What the task asks: All records below are to be repeated exactly, with the pictures left out.

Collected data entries
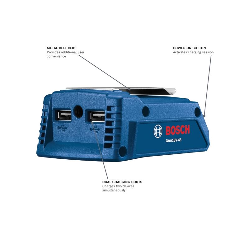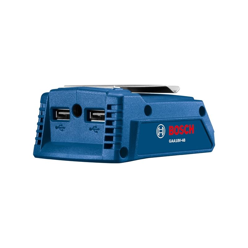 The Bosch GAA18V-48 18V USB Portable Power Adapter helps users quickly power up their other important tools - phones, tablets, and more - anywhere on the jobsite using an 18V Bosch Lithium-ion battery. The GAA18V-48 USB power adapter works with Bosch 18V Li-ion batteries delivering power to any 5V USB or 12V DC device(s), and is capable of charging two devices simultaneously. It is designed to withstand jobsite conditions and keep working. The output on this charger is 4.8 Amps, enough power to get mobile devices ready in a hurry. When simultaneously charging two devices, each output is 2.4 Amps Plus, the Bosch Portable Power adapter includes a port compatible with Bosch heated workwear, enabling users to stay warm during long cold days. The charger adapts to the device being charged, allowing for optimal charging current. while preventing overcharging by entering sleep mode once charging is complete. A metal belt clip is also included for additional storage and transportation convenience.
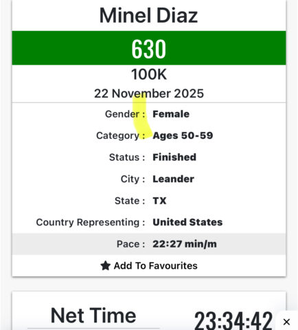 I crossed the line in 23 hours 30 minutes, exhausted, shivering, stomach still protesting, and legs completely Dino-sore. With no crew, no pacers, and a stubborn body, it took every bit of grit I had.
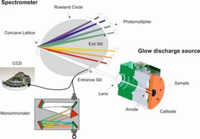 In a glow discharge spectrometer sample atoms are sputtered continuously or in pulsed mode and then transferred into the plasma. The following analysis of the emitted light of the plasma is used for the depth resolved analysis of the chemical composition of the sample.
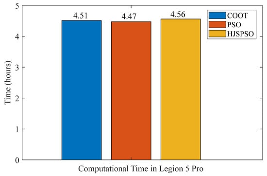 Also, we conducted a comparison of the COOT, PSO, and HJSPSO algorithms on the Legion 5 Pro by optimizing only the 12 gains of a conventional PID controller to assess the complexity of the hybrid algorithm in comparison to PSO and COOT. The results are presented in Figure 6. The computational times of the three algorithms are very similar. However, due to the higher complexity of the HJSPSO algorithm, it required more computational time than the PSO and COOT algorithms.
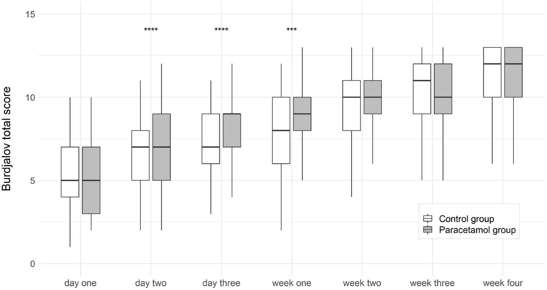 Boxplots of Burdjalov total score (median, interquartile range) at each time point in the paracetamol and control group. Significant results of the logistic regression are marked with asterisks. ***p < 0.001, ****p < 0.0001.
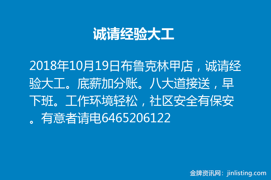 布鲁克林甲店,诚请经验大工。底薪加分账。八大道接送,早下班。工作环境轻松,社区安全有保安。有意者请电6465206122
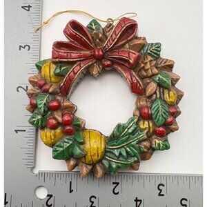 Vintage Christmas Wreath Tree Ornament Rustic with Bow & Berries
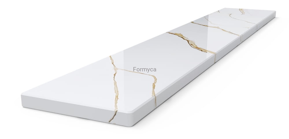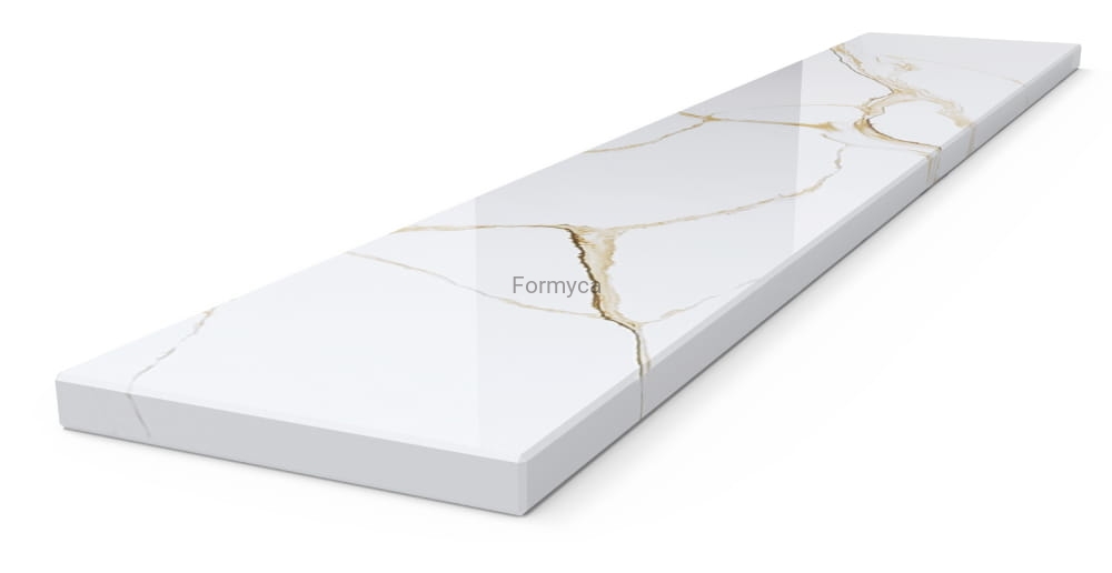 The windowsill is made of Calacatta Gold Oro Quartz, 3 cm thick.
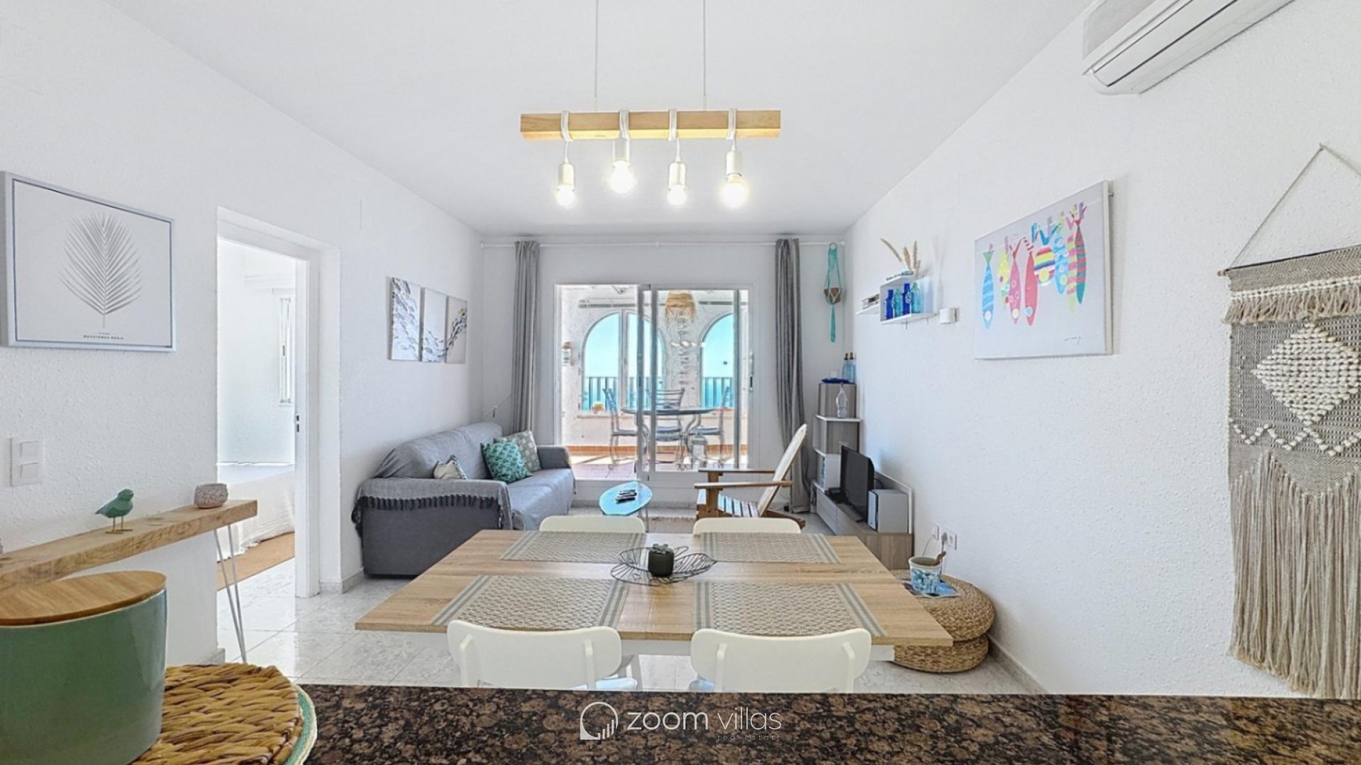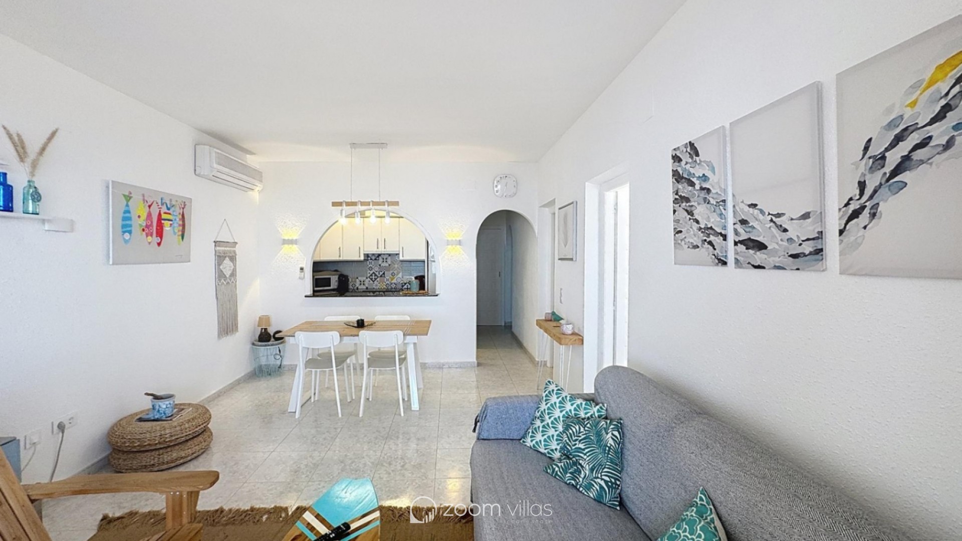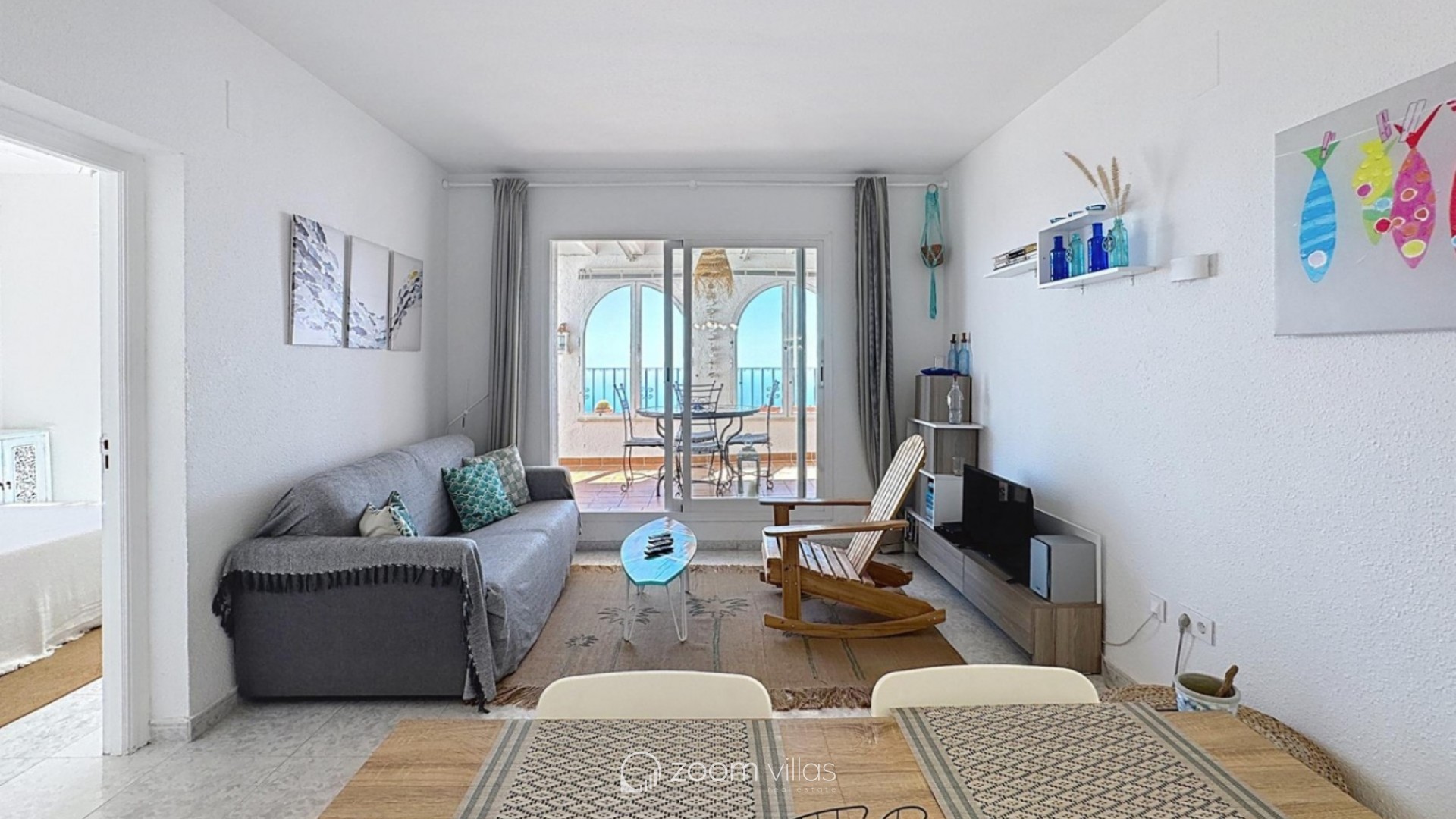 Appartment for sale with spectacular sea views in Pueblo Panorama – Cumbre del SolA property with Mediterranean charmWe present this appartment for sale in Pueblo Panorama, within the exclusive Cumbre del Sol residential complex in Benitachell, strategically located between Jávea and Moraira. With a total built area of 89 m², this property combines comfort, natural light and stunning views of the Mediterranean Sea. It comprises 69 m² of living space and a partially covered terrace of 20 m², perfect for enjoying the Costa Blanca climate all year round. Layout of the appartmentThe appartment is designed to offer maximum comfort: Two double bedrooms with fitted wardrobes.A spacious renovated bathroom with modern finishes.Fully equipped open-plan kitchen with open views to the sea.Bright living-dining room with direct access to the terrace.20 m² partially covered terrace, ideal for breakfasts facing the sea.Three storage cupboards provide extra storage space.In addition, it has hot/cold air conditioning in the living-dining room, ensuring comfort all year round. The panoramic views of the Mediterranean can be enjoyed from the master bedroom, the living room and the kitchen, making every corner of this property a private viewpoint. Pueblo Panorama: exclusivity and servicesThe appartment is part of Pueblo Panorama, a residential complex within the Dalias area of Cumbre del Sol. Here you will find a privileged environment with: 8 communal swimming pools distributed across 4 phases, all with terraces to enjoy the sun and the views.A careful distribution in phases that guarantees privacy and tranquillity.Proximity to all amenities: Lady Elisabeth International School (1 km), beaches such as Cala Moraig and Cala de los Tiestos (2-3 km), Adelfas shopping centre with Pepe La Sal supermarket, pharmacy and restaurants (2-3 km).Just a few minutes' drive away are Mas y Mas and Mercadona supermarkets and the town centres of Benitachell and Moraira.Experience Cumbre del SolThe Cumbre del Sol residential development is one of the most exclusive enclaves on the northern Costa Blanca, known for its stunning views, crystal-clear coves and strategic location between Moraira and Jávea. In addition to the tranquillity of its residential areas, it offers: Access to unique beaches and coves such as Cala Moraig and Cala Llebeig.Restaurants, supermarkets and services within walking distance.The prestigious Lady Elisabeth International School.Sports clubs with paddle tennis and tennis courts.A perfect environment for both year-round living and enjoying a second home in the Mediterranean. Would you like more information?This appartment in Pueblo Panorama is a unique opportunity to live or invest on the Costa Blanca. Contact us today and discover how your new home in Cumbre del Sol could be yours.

Solution to this task:
 The Bosch GAA18V-48 18V USB Portable Power Adapter helps users quickly power up their other important tools - phones, tablets, and more - anywhere on the jobsite using an 18V Bosch Lithium-ion battery. The GAA18V-48 USB power adapter works with Bosch 18V Li-ion batteries delivering power to any 5V USB or 12V DC device(s), and is capable of charging two devices simultaneously. It is designed to withstand jobsite conditions and keep working. The output on this charger is 4.8 Amps, enough power to get mobile devices ready in a hurry. When simultaneously charging two devices, each output is 2.4 Amps Plus, the Bosch Portable Power adapter includes a port compatible with Bosch heated workwear, enabling users to stay warm during long cold days. The charger adapts to the device being charged, allowing for optimal charging current. while preventing overcharging by entering sleep mode once charging is complete. A metal belt clip is also included for additional storage and transportation convenience.
 I crossed the line in 23 hours 30 minutes, exhausted, shivering, stomach still protesting, and legs completely Dino-sore. With no crew, no pacers, and a stubborn body, it took every bit of grit I had.
 In a glow discharge spectrometer sample atoms are sputtered continuously or in pulsed mode and then transferred into the plasma. The following analysis of the emitted light of the plasma is used for the depth resolved analysis of the chemical composition of the sample.
 Also, we conducted a comparison of the COOT, PSO, and HJSPSO algorithms on the Legion 5 Pro by optimizing only the 12 gains of a conventional PID controller to assess the complexity of the hybrid algorithm in comparison to PSO and COOT. The results are presented in Figure 6. The computational times of the three algorithms are very similar. However, due to the higher complexity of the HJSPSO algorithm, it required more computational time than the PSO and COOT algorithms.
 Boxplots of Burdjalov total score (median, interquartile range) at each time point in the paracetamol and control group. Significant results of the logistic regression are marked with asterisks. ***p < 0.001, ****p < 0.0001.
 布鲁克林甲店,诚请经验大工。底薪加分账。八大道接送,早下班。工作环境轻松,社区安全有保安。有意者请电6465206122
 Vintage Christmas Wreath Tree Ornament Rustic with Bow & Berries
 The windowsill is made of Calacatta Gold Oro Quartz, 3 cm thick.
 Appartment for sale with spectacular sea views in Pueblo Panorama – Cumbre del SolA property with Mediterranean charmWe present this appartment for sale in Pueblo Panorama, within the exclusive Cumbre del Sol residential complex in Benitachell, strategically located between Jávea and Moraira. With a total built area of 89 m², this property combines comfort, natural light and stunning views of the Mediterranean Sea. It comprises 69 m² of living space and a partially covered terrace of 20 m², perfect for enjoying the Costa Blanca climate all year round. Layout of the appartmentThe appartment is designed to offer maximum comfort: Two double bedrooms with fitted wardrobes.A spacious renovated bathroom with modern finishes.Fully equipped open-plan kitchen with open views to the sea.Bright living-dining room with direct access to the terrace.20 m² partially covered terrace, ideal for breakfasts facing the sea.Three storage cupboards provide extra storage space.In addition, it has hot/cold air conditioning in the living-dining room, ensuring comfort all year round. The panoramic views of the Mediterranean can be enjoyed from the master bedroom, the living room and the kitchen, making every corner of this property a private viewpoint. Pueblo Panorama: exclusivity and servicesThe appartment is part of Pueblo Panorama, a residential complex within the Dalias area of Cumbre del Sol. Here you will find a privileged environment with: 8 communal swimming pools distributed across 4 phases, all with terraces to enjoy the sun and the views.A careful distribution in phases that guarantees privacy and tranquillity.Proximity to all amenities: Lady Elisabeth International School (1 km), beaches such as Cala Moraig and Cala de los Tiestos (2-3 km), Adelfas shopping centre with Pepe La Sal supermarket, pharmacy and restaurants (2-3 km).Just a few minutes' drive away are Mas y Mas and Mercadona supermarkets and the town centres of Benitachell and Moraira.Experience Cumbre del SolThe Cumbre del Sol residential development is one of the most exclusive enclaves on the northern Costa Blanca, known for its stunning views, crystal-clear coves and strategic location between Moraira and Jávea. In addition to the tranquillity of its residential areas, it offers: Access to unique beaches and coves such as Cala Moraig and Cala Llebeig.Restaurants, supermarkets and services within walking distance.The prestigious Lady Elisabeth International School.Sports clubs with paddle tennis and tennis courts.A perfect environment for both year-round living and enjoying a second home in the Mediterranean. Would you like more information?This appartment in Pueblo Panorama is a unique opportunity to live or invest on the Costa Blanca. Contact us today and discover how your new home in Cumbre del Sol could be yours.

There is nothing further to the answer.